Reinstalling needed programms was fast and seamless. The biggest problem was restoring the data. Unfortunately I made a full backup of the whole disk an that was a big problem. I mean 800 Mb is big if your downlink is less then 50 KB/sec :(. I spend a hour cutting out all the stuff I needed to revive the web and shell users. That was 150 Mb. Not wanting to waste my time waiting I wanted to put it on the download and head home to finish the thing remotely, but there was another problem lurking in the firery shadows - the firewall didn't want to give me back my IP.
I left hosters deal with that problem. When I left they were telephoning the authors of the firewall. Half an hour after I got home, the server was back online and I could start copying the reduced backup. Restoring Web and mysql services was a snap even considering migration to Apache 2 and MySQL 4 in the process. It just worked :)
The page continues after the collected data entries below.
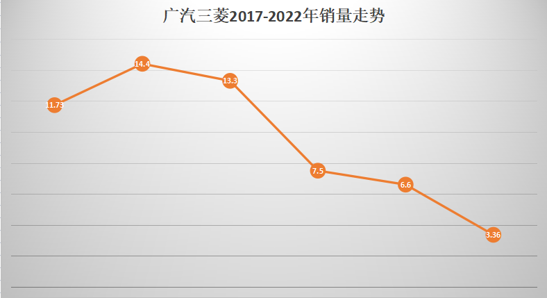 2020年,广汽三菱只卖出去了7.5万辆车,同比下滑43.6%;2021年,广汽三菱的销量进一步下滑,全年只卖出6.6万辆,同比下滑12%;2022年,广汽三菱的销量直接同比腰斩,只有3.36万辆。
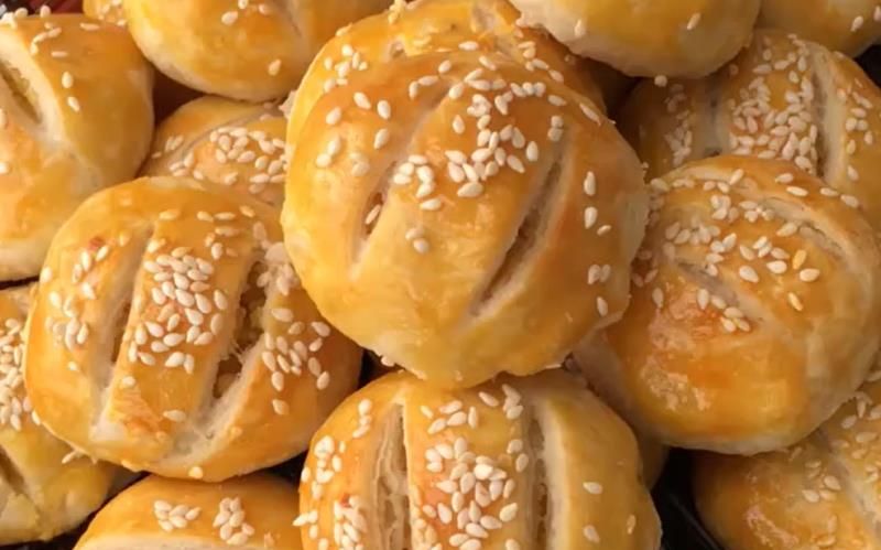 5. 將圓餅放入烤箱或空氣炸鍋中烤制,視具體情況決定烤制時間及溫度;待烤好后取出,就可以吃到會拉絲的老婆餅了。
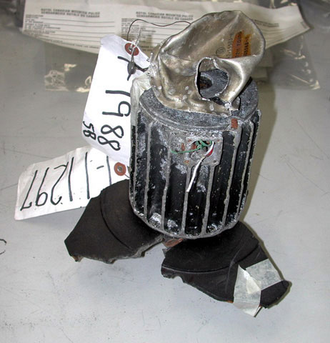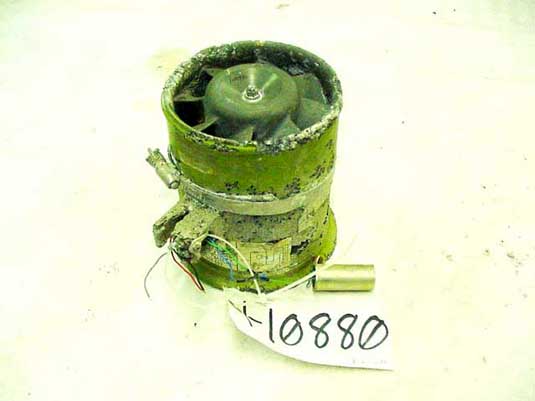 The fan housing and fan impeller blade hub were recovered as separate units. The electric fan motor was not recovered. The fan housing exhibited severe damage.
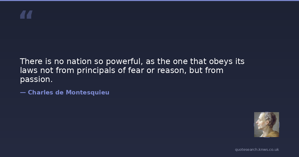 There is no nation so powerful, as the one that obeys its laws not from principals of fear or reason, but from passion.
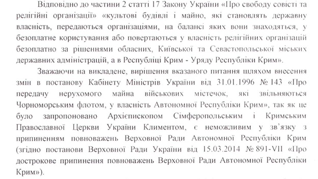 3. Чому Кабінетом Міністрів України не прийняті зміни та доповнення до Проекту Постанови КМУ від 31 січня 1996 року №143 «Про передачу нерухомого майна військових містечок, які звільняються Чорноморським флотом, у власність Автономної республіки Крим та у власність м. Севастополя» та не прийнята Постанова КМУ передати безоплатно у власність Управління Кримської Єпархії Української православної церкви Київського патріархату будівлю № 1 військового містечка № 119, розташованого по вул. Севастопольська, 17, кв. № 548 в м. Сімферополь Автономної Республіки Крим», пропозиції яких були запропоновані та направлені Представництвом Президента України в Автономній Республіці Крим щодо вирішення питання захисту існування Кримської Єпархії УПЦ КП (нині Кримська Єпархія ПЦУ (УПЦ) на тимчасово окупованій території АР Крим? (Пропозиції щодо вирішення цього питання були направлені листами Представництва Президента в АР Крим за №01/354/01-08 від 14 липня 2015 року до Урядового уповноваженого у справах Європейського суду з прав людини, за №01/281/01-08 від 29 травня 2015 року до Віце-прем`єр міністра – Міністра культури України, за №01/199/01-08 від 29 квітня 2016 року до Прем`єр-міністра України). Окрім цього в 2018 році з цього питання було дано доручення Президента України до Кабінету Міністрів України (Лист до Президента України Архієпископа Сімферопольського і Кримського КЛИМЕНТА від 19 травня 2018 року за №01/02-08).
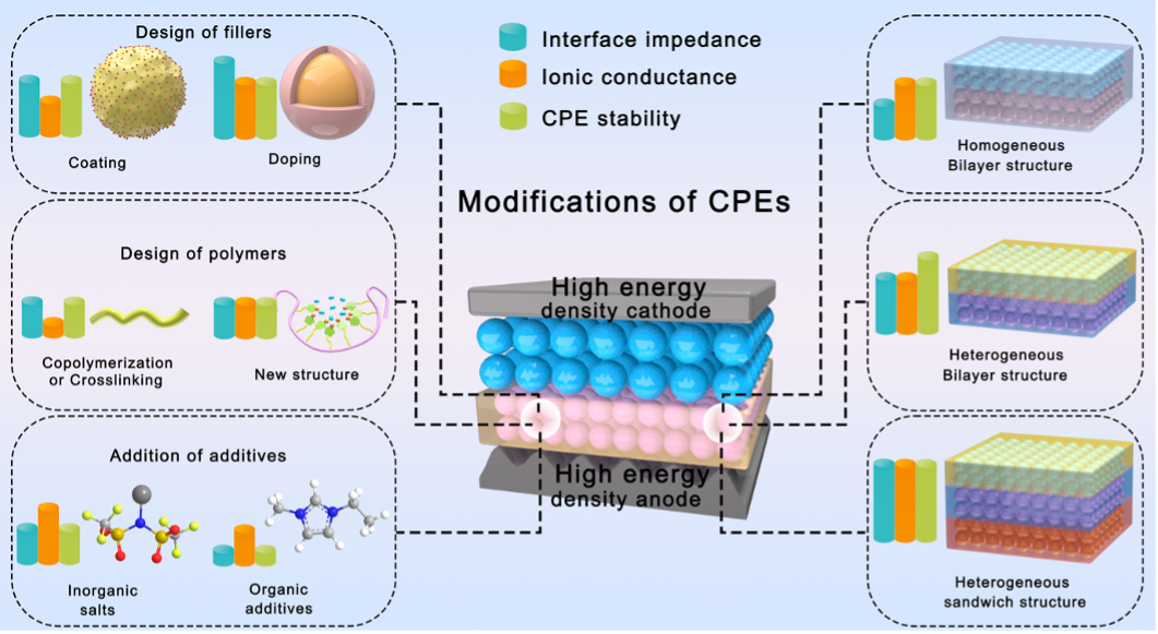 聚合物复合电解质(PCEs)在提升电池安全性、稳定性和能量密度方面具有显著优势,是实现高能量密度储能系统的关键材料之一。然而,PCEs在实际应用中仍面临严峻的界面挑战,尤其是在高电压或高能量密度体系中,界面不稳定、副反应频发及界面相容性差等问题更为突出,严重制约了离子传导效率与电池整体性能。因此,系统分析高能量密度条件下的关键技术瓶颈,并提出针对性解决方案,对推动下一代储能系统发展具有重要意义。尽管已有策略在改善界面性能方面取得了一定成效,但其在高能量密度电池体系中的适用性仍有待进一步验证。
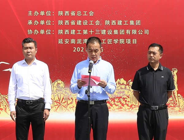 陜西建工集團(tuán)黨委常委、副總經(jīng)理劉小強(qiáng)在致辭中表示陜建作為我省最大的國(guó)企建筑鐵軍,在省委、省政府的領(lǐng)導(dǎo)下,在70余年的發(fā)展長(zhǎng)河中,建設(shè)了一大批國(guó)防、科教、文衛(wèi)、公共服務(wù)等重點(diǎn)項(xiàng)目,積極服務(wù)于陜西發(fā)展和國(guó)家建設(shè),既有深厚的文化積淀,又有雄厚的綜合實(shí)力。有幸承建延安南泥灣勞模工匠學(xué)院這個(gè)重點(diǎn)項(xiàng)目,我們倍感榮幸,倍加珍惜。我們已將該項(xiàng)目列為十三建集團(tuán)的“一號(hào)工程”,調(diào)集精兵強(qiáng)將,以“出手必須出彩,完成必須完美”的作風(fēng)、“開局就是決戰(zhàn),起步就是沖刺”的魄力,“努力到無能為力,拼搏到感動(dòng)自己”韌勁,科學(xué)合理、協(xié)調(diào)高效的管理模式,將項(xiàng)目建設(shè)成為優(yōu)質(zhì)結(jié)構(gòu)工程、綠色施工示范工程,爭(zhēng)創(chuàng)魯班獎(jiǎng),為省總工會(huì)交上一份滿意的“答卷”。
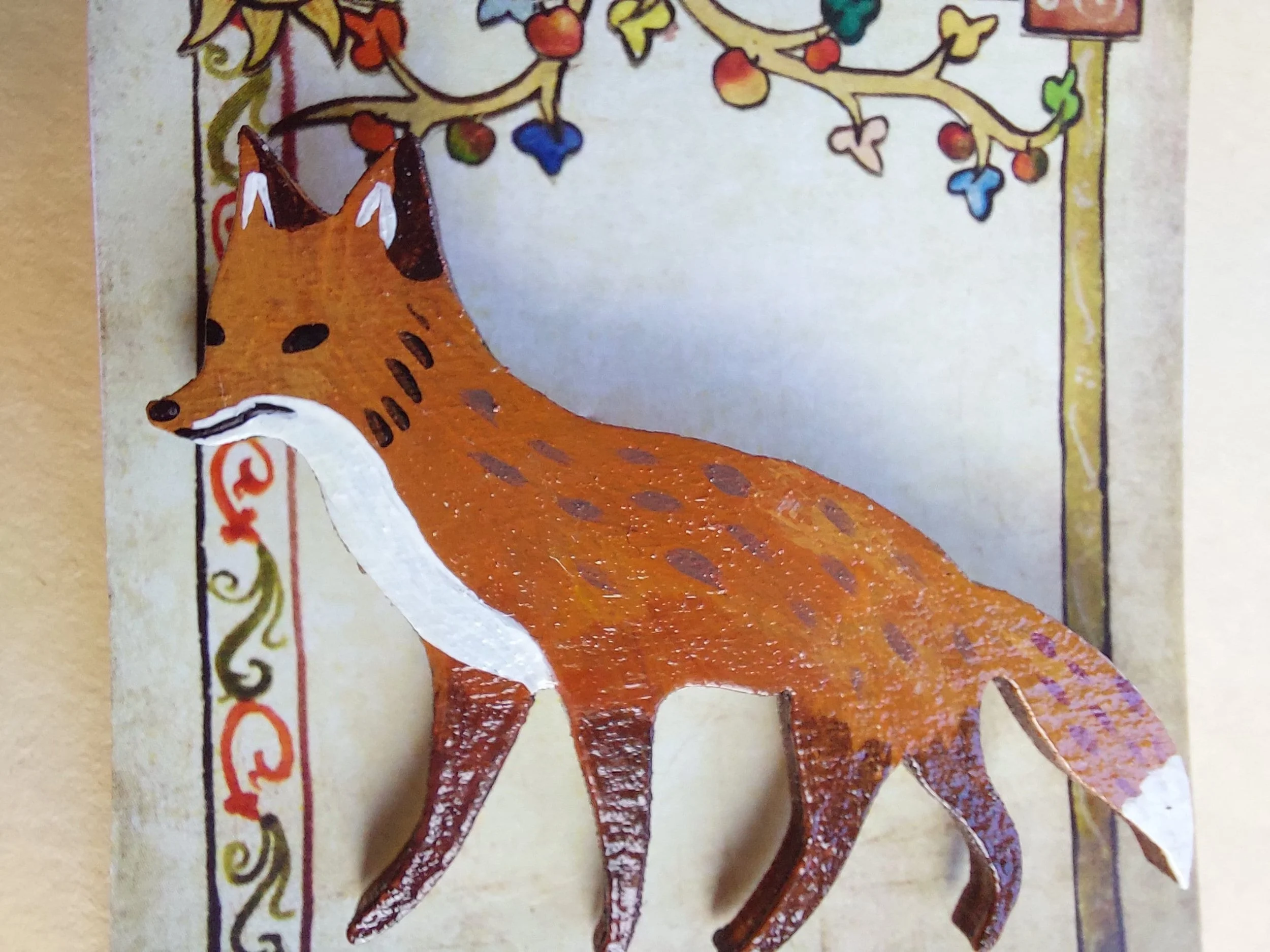 A wooden laser cut brooch designed and hand-painted by me! This one is a little red fox, inspired by the many urban foxes that hang out around Brighton where I live. I painted her by hand with acrylic and finished with shellac. She has two butterfly clasps on the back (choose between metal or rubber).
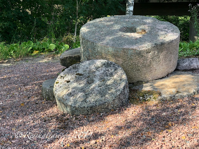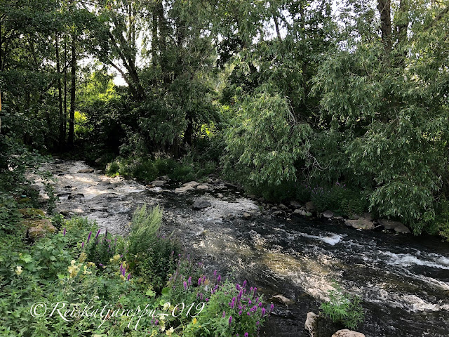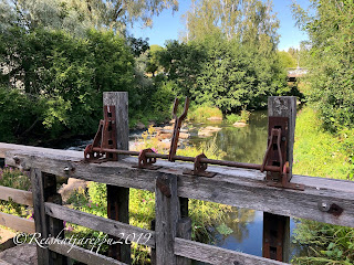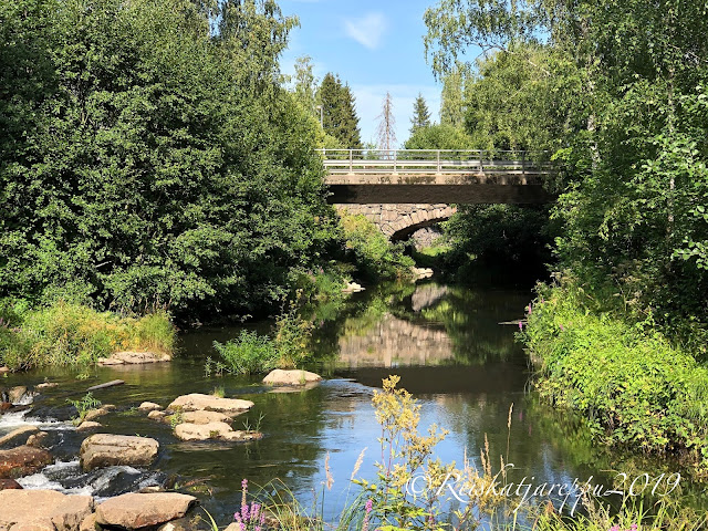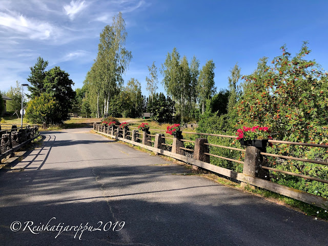 Meidän uteliaisuus voitti ja ajattelimme samalla käydä katsomassa millainen kylä Panelia on. Nimenä jo Panelia oli mielenkiintoinen. Ajoimme kylänraittia pitkin, kunnes silmiimme osui kaunis kivinen silta punaisine kukkineen. Sehän kolahti mieliimme ja tien toisella puolen oli myllyrakennus, jonka pihaan ajoimme parkkiin. Miten kaunista olikaan myllyn pihassa. Pieni koski kohisi aurinkoisessa, kesäisessä päivässä. Kaunis näkymä kohti kivisiltaa.
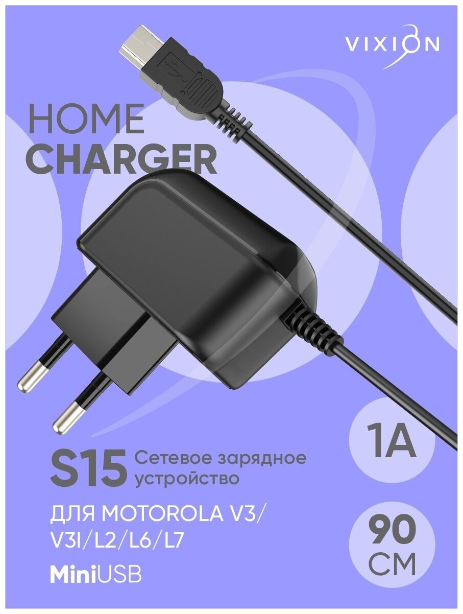 Зарядки для гаджетов Сетевое зарядное устройство VIXION S15 (1A) miniUSB для Motorola V3 (V3i/L2/L6/L7) (черный)

After that I realized that I had screwed the user ids by copying old /etc/passwd and /etc/shadow over the new ones. Doh! I was save by some mysterious force that made backups right after the installation. I spend 20 minutes inching back into control of the system (I lost root and ssh would scream in panic because /etc/passwd had 0600 mode :P) and another 15 to carefully carry old users over to the new system.
Then I recovered a lost MySQL root password by looking at backup of my .mysql_history file. Doh!
Now I'll need most of the rest of the backup to get mail and postgresql back up. More waiting :(
Edit: Now this is getting ridiculous - the server that has the backup just shut down on his own. Ridiculous!